For Gadamer’s argument, however, a further distinction is more significant, that between ethical and technical knowledge, which also bears on the distinction between acting and making. To understand it one must refer back to Aristotle’s famous distinction between érgon and enérgeia, or between the work itself and the activity of working.21 All human activity can be divided here: either it is a making that has its goal in some external work (érgon), or it is an action that carries its goal within itself. The examples Aristotle uses are of building and seeing: whereas the activity of building is completed in the built house, the goal of seeing coincides with the activity itself. When I fashion a vase, my work ends in the product. My ethical action has, by contrast, its goal in itself. More than doing it is Being, indeed it is one’s very manner of Being in the world. You are how you comport yourself. This perspective brings the distinction between ethical and practical knowledge more clearly into view. According to practical knowledge, the produced object is separate from me. Yet in ethical action, I cannot deal with myself as if I were an object. What is clearly missing here is the detachment that makes it possible to look at myself in the way one looks at an object, for one is always already involved in the situation in which one must act. Practical ethical knowledge is a “self-knowing” that takes the form of neither objectification nor detachment from oneself, but is given rather in the form of “vigilance” (GW5 238).

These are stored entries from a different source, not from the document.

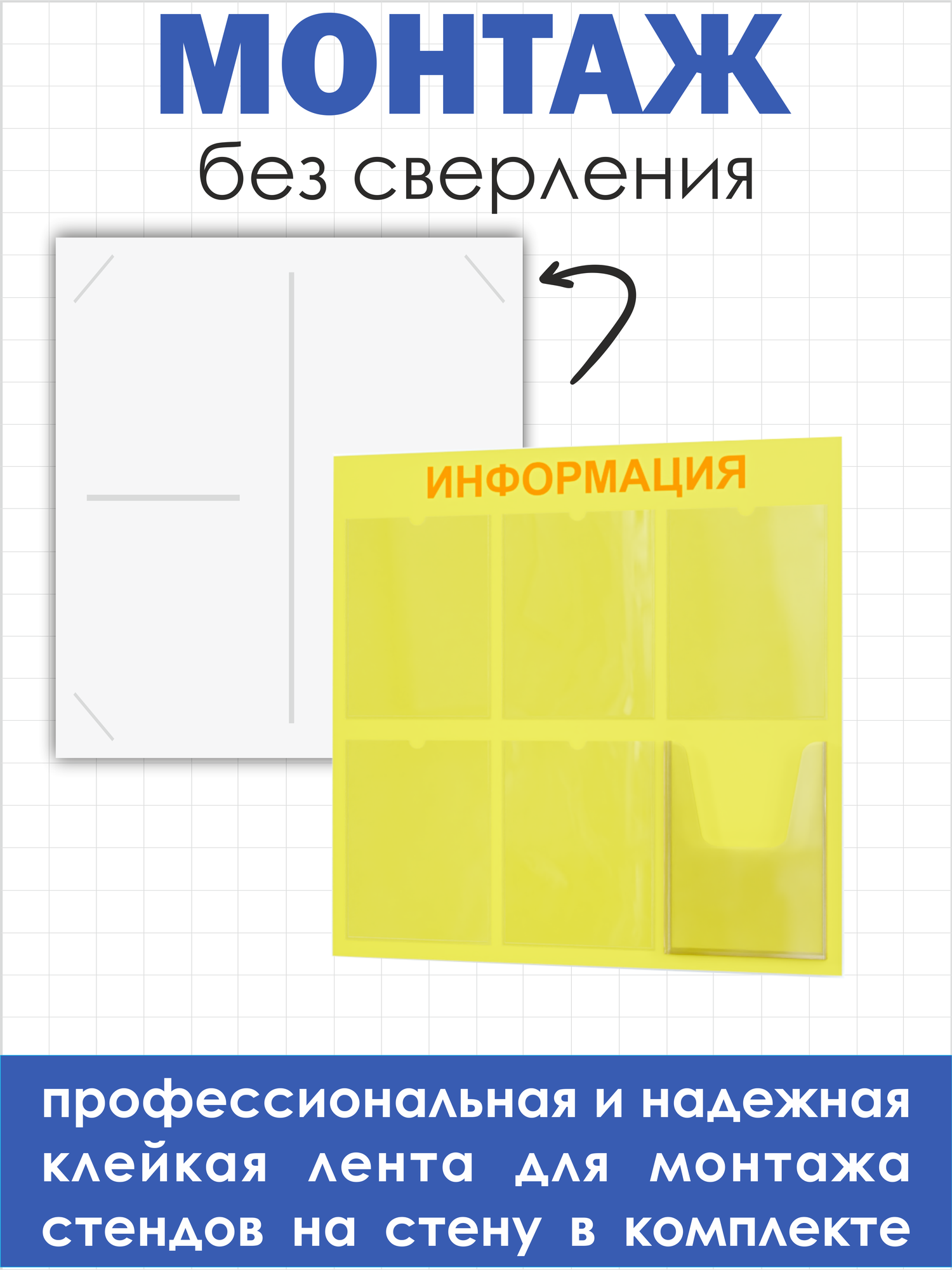 стенд информационный с двусторонним скотчем для монтажа с обратной стороны - 1 шт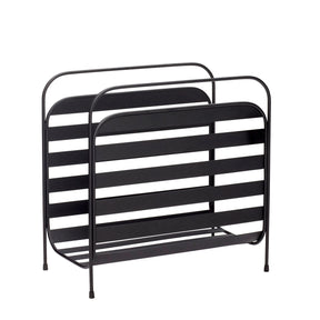 The magazine holder is made from black metal and can hold and store multiple magazines and books due to its larger size. The shaping of the black metal creates a unique and stylish look.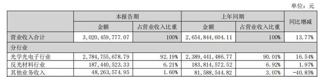 作为中国国内唯一一家规模化制造光学元器件的专业厂家,水晶光电在今年上半年就已实现营收超30亿元,实现净利润超5亿元,同比均有较大幅度上升。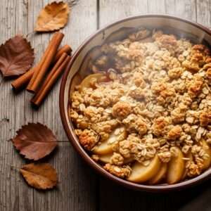 Baked apples with oats, cinnamon, and brown sugar, perfect for a cozy start.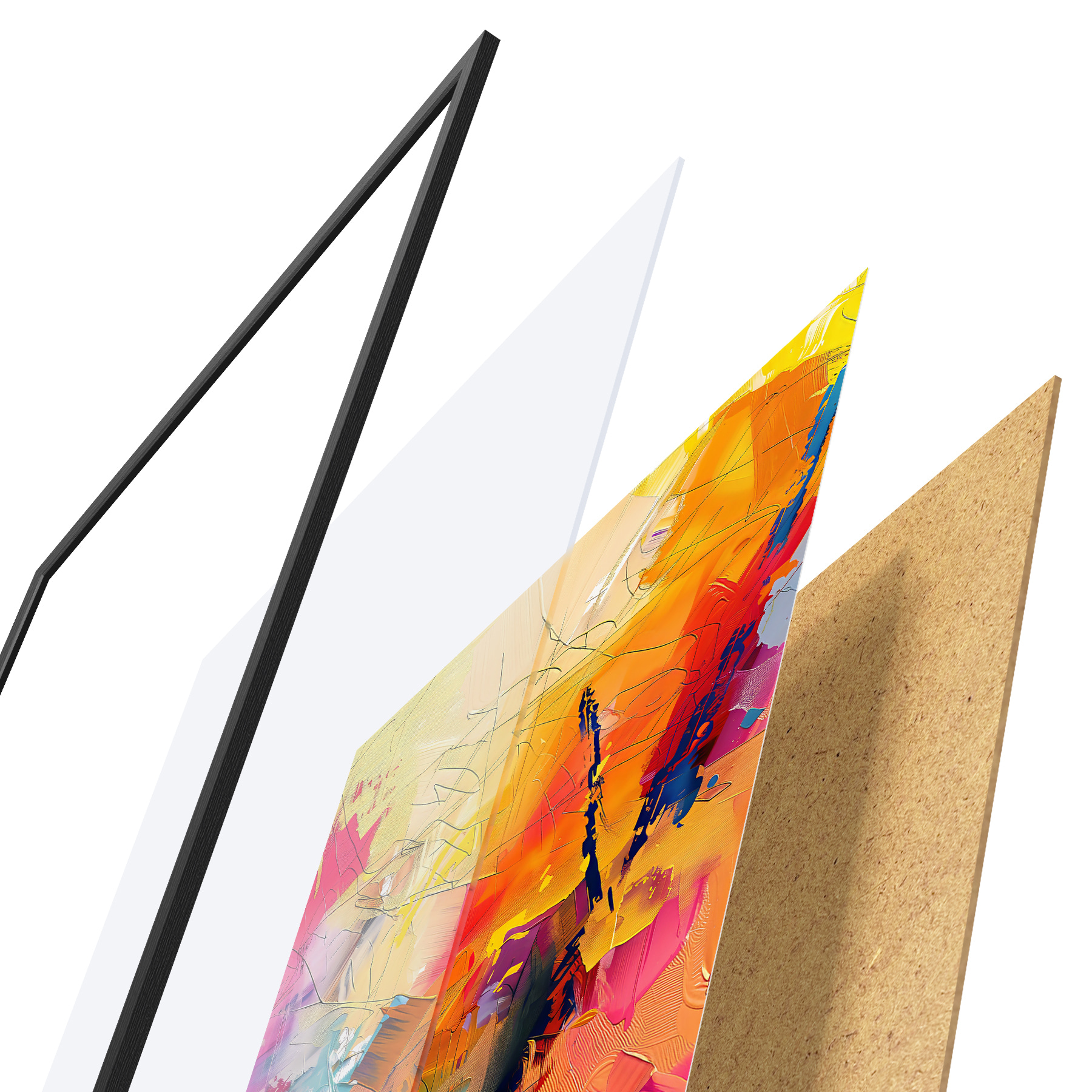 Il poster è composto da cornice, plexiglass, immagine stampata e supporto in truciolato. Il poster può essere immediatamente appeso alla parete grazie ai supporti sul retro.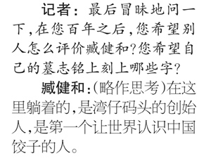 我至今記得采訪的最后一個問題,當時了解到臧阿姨喜歡逛墓地、看墓志銘,就冒昧地問了她一個問題,百年之后您希望墓志銘上寫上什么字呢?她略作思考說:在這里躺著的,是灣仔碼頭的創(chuàng)始人,是第一個讓世界認識中國水餃的人。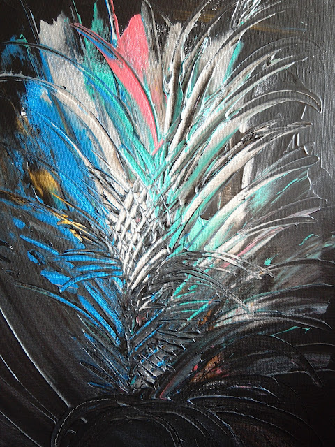 These are two new paintings - unnamed as yet - where I was enjoying playing with metallic paints against a black background. Acrylic on canvas they were done by painting the black background and then applying paint direct to the canvas and manipulating with a knife.
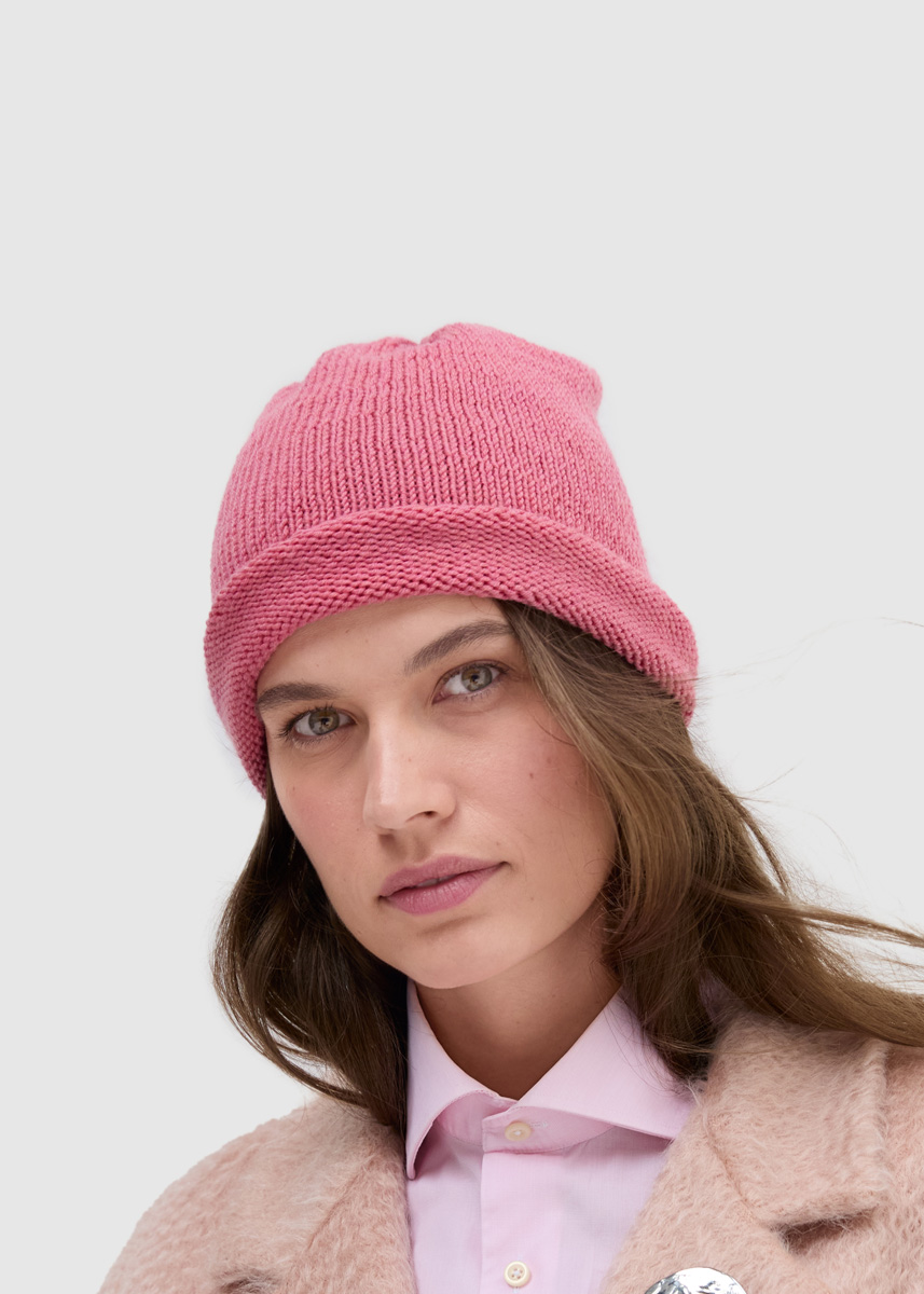 Lana Grossa ‘Cool Wool Big Mélange’ (100% scheerwol (merino extrafijn), ca. 120 m/50 g): 100 g roze gemêleerd (kl 1631); breinld zonder knop 4 mm.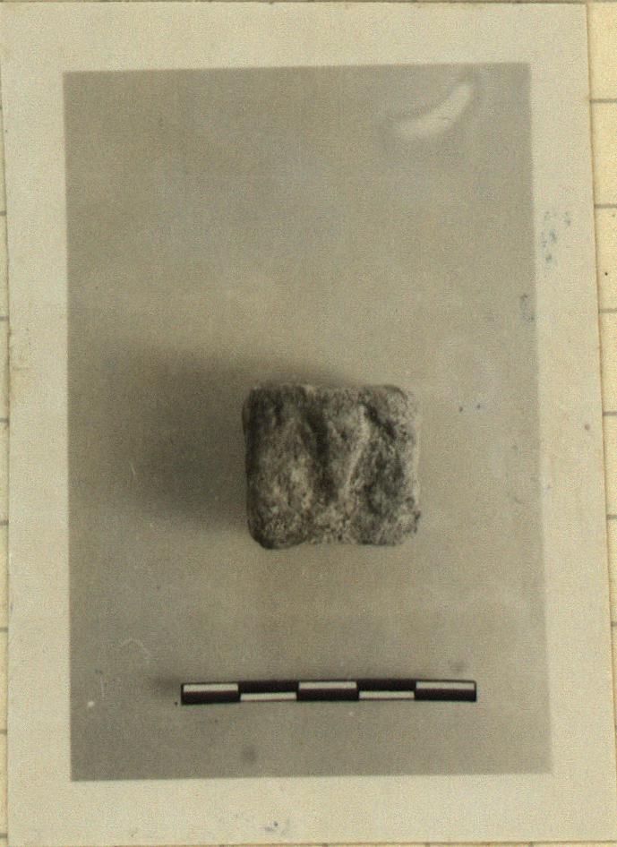| Description: | Small square block. In relief on upper surface, a dolphin (?), or a cornucopia (?). Cf. IL 147, very similar. | |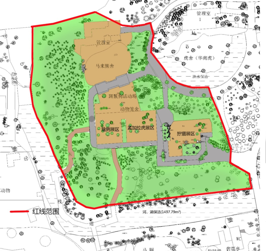 中型猛兽展区改造项目施工范围。 图片来源:上海动物园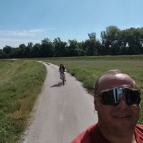 Eine Fahrradroute, die in Veľký Meder, Tyrnauer Landschaftsverband, Slowakei beginnt.

If hermeneutic ethics, which is so close to life and hence fundamentally antinormative, questions every a priori norm, it does not follow that, as a countermove, the situation or even the éthos becomes normative, in other words the totality of “those convictions, values, habits we all hold in common” (GW2 319–329, 325).22 Otherwise the role of the phrónesis of every individual would be undervalued. The dialogical relation between language and speaker can clarify this ethical model (EPH 165–180, 178/GW2 155–173, 170). On the basis of the ethical order of the pólis, everyone acts in accordance with his phrónesis by virtue of articulating the éthos in light of the individual situation. One can, by recognizing what is “doable,” what is both appropriate and right, take aim at the center, actually find the mean and realize the good, the prákton agathón. Thus “the good is in the first place nothing more than the logos shared by the community” (IG 147/GW7 208).
Our action, the prohaíresis or “choice of the better,” that self-projection into the future of possibility that defines our Being, always occurs “within the horizon of the polis” (HRE 29, 31/GW4 185, 188). Or to put it another way: ethical action is also always political action. This explains Gadamer’s attention to those “modifications” in Aristotle’s discussion of phrónesis in the Nicomachean Ethics (TM 319/GW1 328).23 What becomes more important is the reference to responsibility, not only to oneself, but also to the other, a responsibility included in phrónesis when Aristotle speaks of sýnesis. Phrónesis leads to a decision involving consultation with the self that is always consultation with others. Just as my consultation is never abstract and isolated, phrónesis is not individual wisdom, for it is inseparable from sýnesis, or sympathetic understanding, which makes it possible for me to grasp the action of the other. The ability to have insight and patience, to discriminate correctly, to enter into the situation of the other and thus to judge correctly (the Aristotelian concepts are gnóme, syngnóme, and epeikeîa), is possible only on the basis of that “belonging” which always already binds me to the other in the community. On the one hand this “belonging” prevents me from adopting an external, disinterested standpoint, but on the other hand it allows me to give and accept advice—all this in the name of friendship.
3. The Unity of Theory and Practice
Even if his position on an ethics close to life emphasizes the transition from theory to practice, it does not follow that Gadamer agrees with those who denigrate theory. Rather the opposite is the case. He published Praise of Theory in 1983, where he suggests a new way of seeing theory and practice that conceives of their relationship as a substantial continuity. It should also be clear that philosophical hermeneutics, even though it understands itself to be a practical philosophy, in no way relinquishes its claim to be a theoretical philosophy.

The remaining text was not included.